--- Data shown Enclosed Below ---

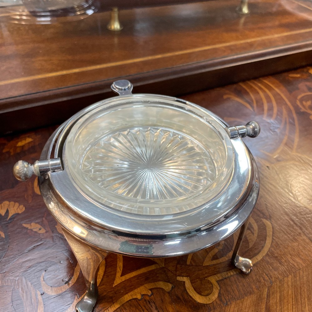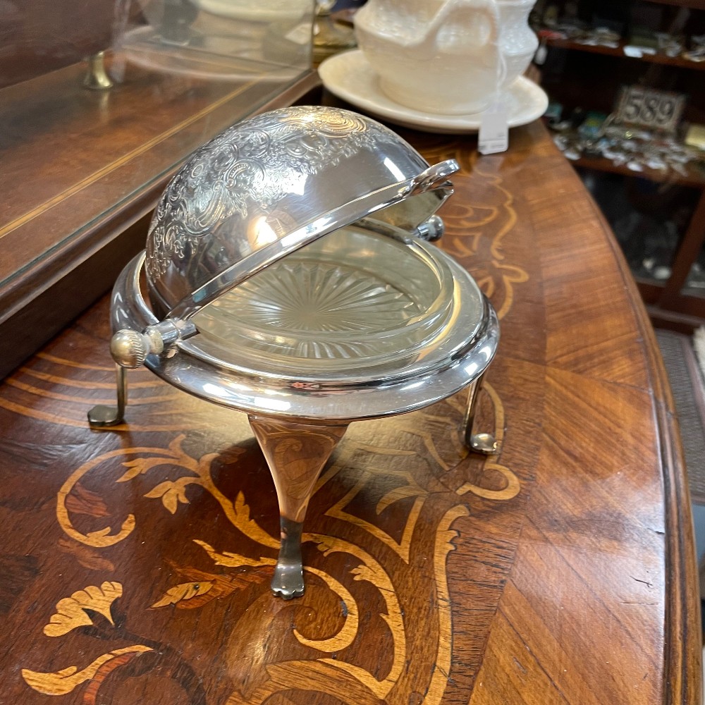 with roller top and glass insert, h. 5 1/2", diameter 6"
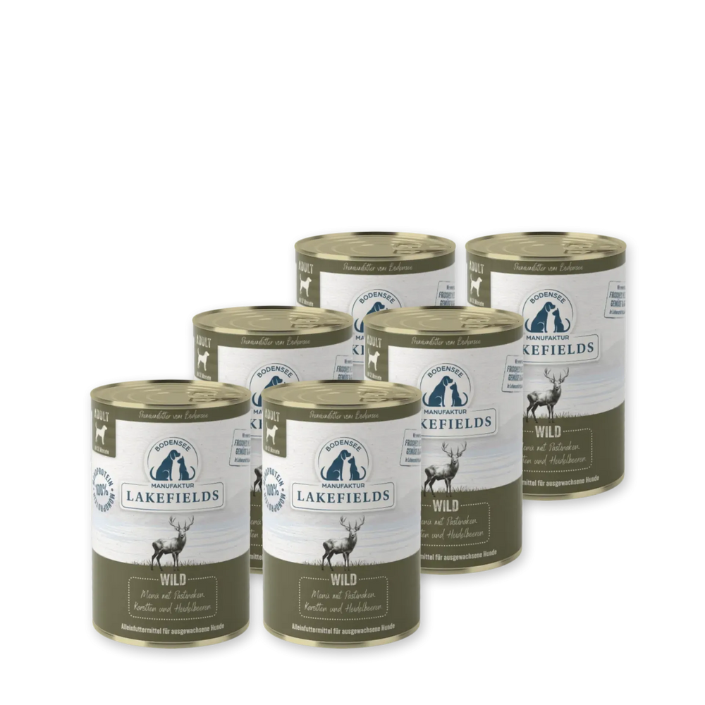 Das Nassfutter-Menü Wild ist ein hochwertiges Premium-Alleinfuttermittel für Hunde. Die ausgewogene Rezeptur kombiniert frisches Muskelfleisch vom Hirsch mit regionalem Gemüse, Obst und ausgewählten Kräutern. Alle Zutaten werden in 100 % Lebensmittelqualität verarbeitet und sorgen für eine natürliche, schmackhafte und vollwertige Mahlzeit.
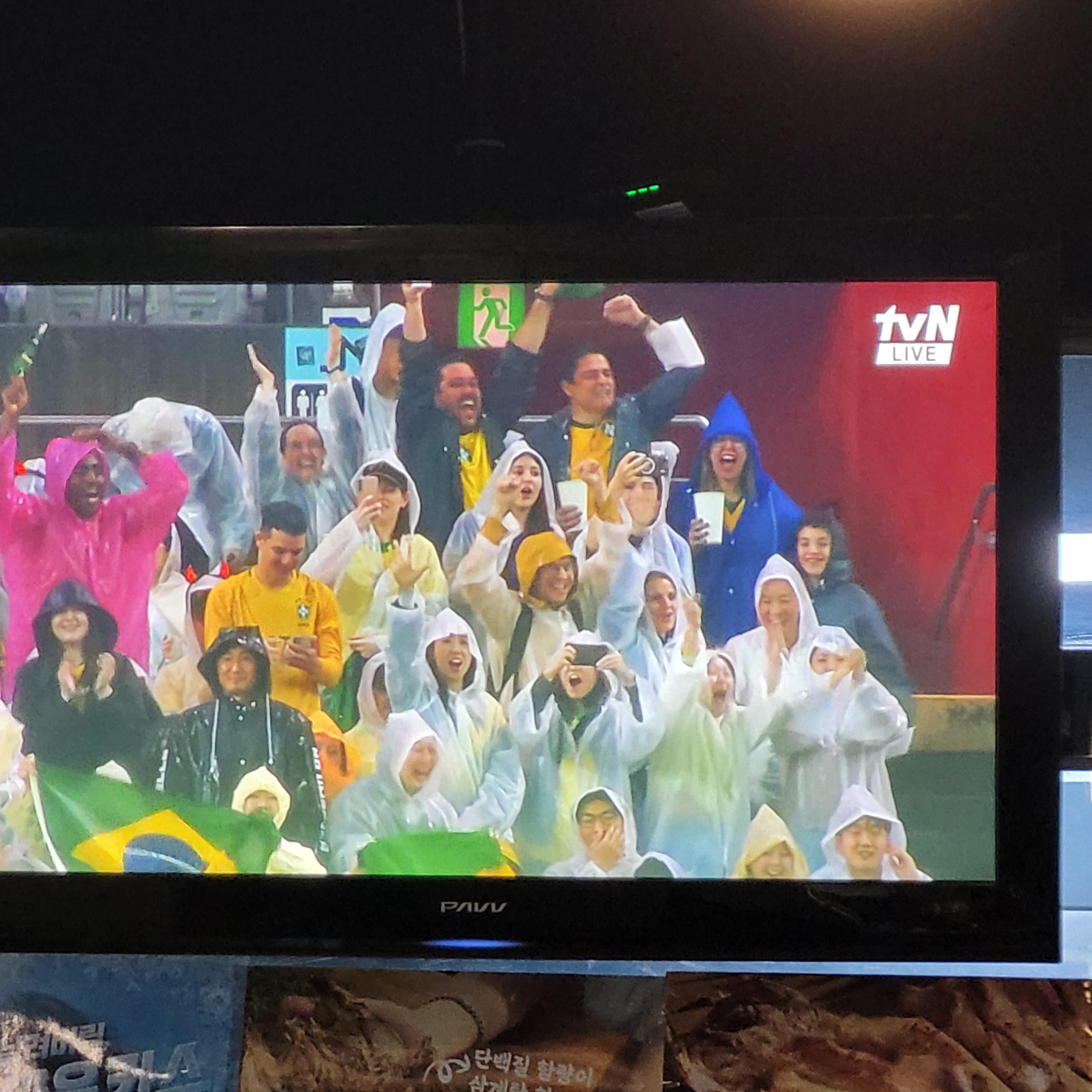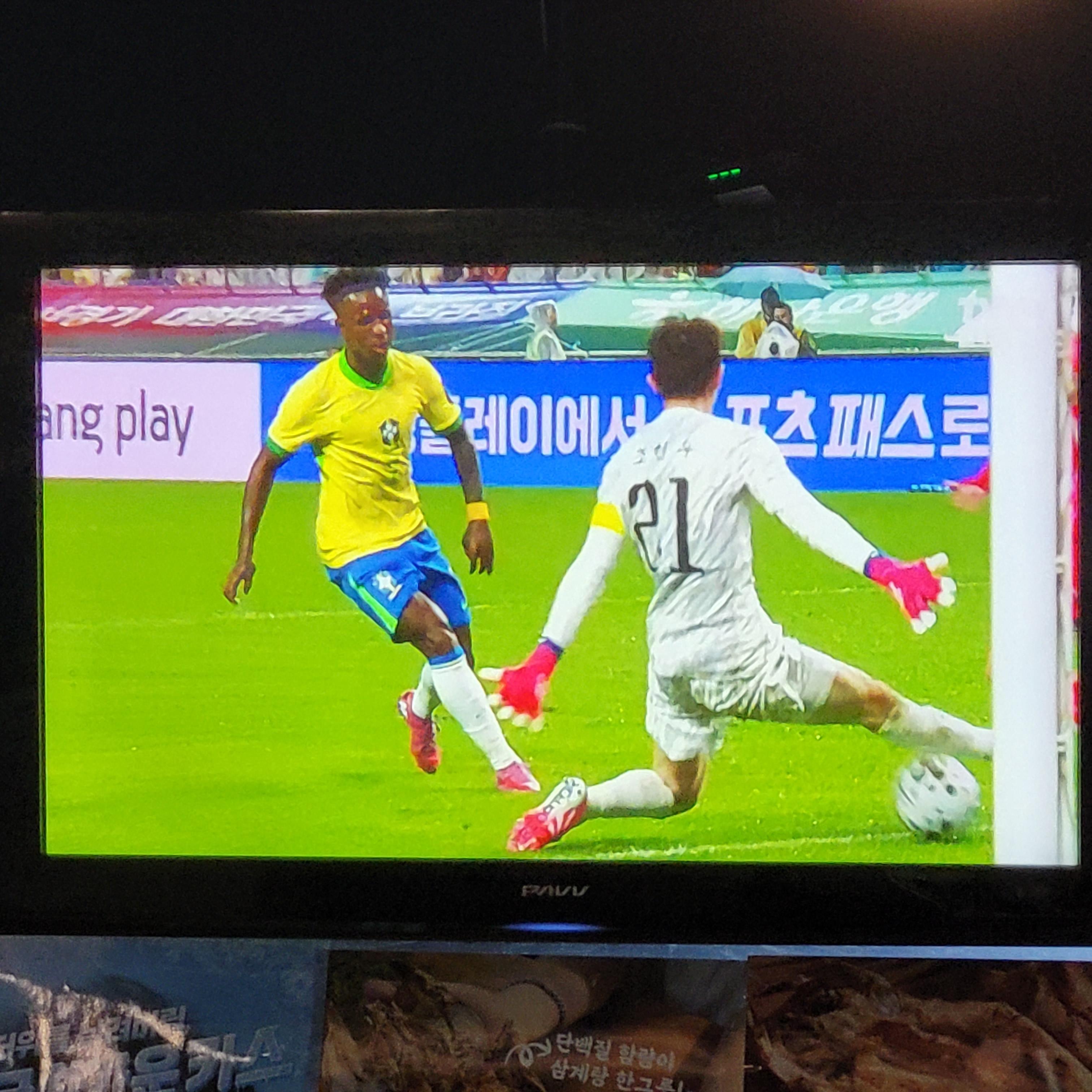 헌데 가게 안 TV를 보니까 마침 우리나라 축구 대표팀과 브라질

--- End of Enclosed Data shown ---

**Task objective:**
An exact copy of every line above is needed, without the images.

**Problem solution:**
 with roller top and glass insert, h. 5 1/2", diameter 6"
 Das Nassfutter-Menü Wild ist ein hochwertiges Premium-Alleinfuttermittel für Hunde. Die ausgewogene Rezeptur kombiniert frisches Muskelfleisch vom Hirsch mit regionalem Gemüse, Obst und ausgewählten Kräutern. Alle Zutaten werden in 100 % Lebensmittelqualität verarbeitet und sorgen für eine natürliche, schmackhafte und vollwertige Mahlzeit.
 헌데 가게 안 TV를 보니까 마침 우리나라 축구 대표팀과 브라질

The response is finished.